New phases are the unseen forces of life. In persons, in movements, they are the quietly unfolding moments and soul detritus that build momentum over time, only revealed as a crescent of new being. That's the poetry of a new moon, a solar body that exists, but is invisible to the unaided eye, and only rarely illuminated by an eclipse.

Like rivers and town names, the sun and moon have become constants in the thematic titles of Daniel Bachman's instrumental guitar music. Not to put too fine a point on it, but these places on earth and in outer space tend to signify a shift in Bachman's being — of wanderlust, of desperation, of joy and revelry.

"New Moon" closes The Morning Star, Bachman's new record coming in the swamp of summer. If you've had the opportunity to see him perform lately, it's the long and winding composition that's closed many of his live sets.
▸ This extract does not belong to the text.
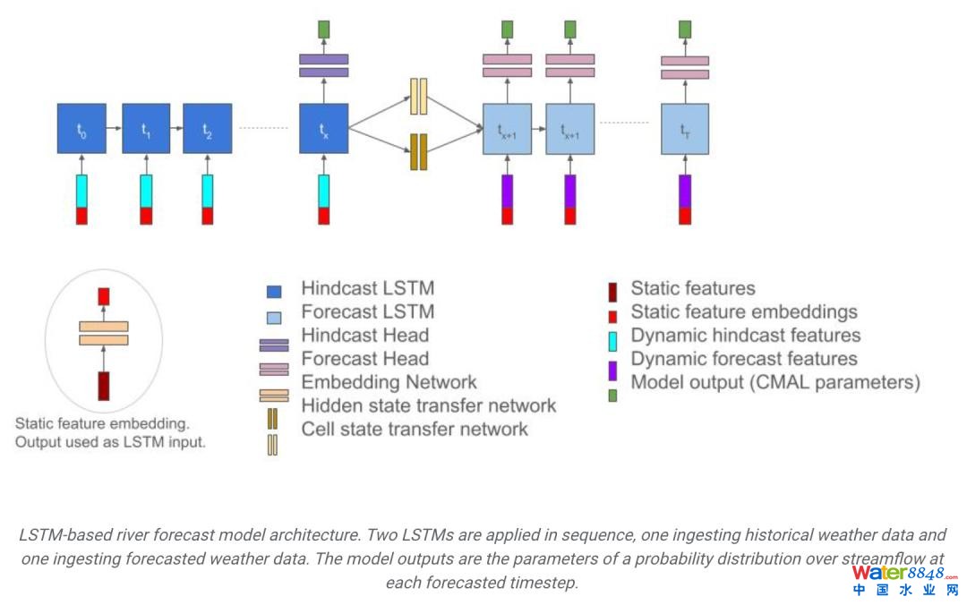 圖|基于 LSTM 的河流預報模型架構。兩個 LSTM 依次應用,一個接收歷史天氣數(shù)據(jù),另一個接收預測天氣數(shù)據(jù)。模型輸出為每個預報時間步的流量概率分布參數(shù)。

On record, you can hear a field recording of cicadas and Bachman sigh over an organ drone, his acoustic guitar bending and sliding ever so quietly as not to disturb the fragility of the empty night. As the drone subsides, a melody emerges from finger-picking that responds to the tide of emotion: tentative one moment, fervid the next, felt deeply in the close-mic'd guitar that dips into the red, but never stays there. Two years ago, he might have barreled into a sound with whisky-soaked vigor, but here Bachman keeps to the corners of "New Moon," ushering his next phase.


The Morning Star comes out July 27 via Three Lobed Recordings.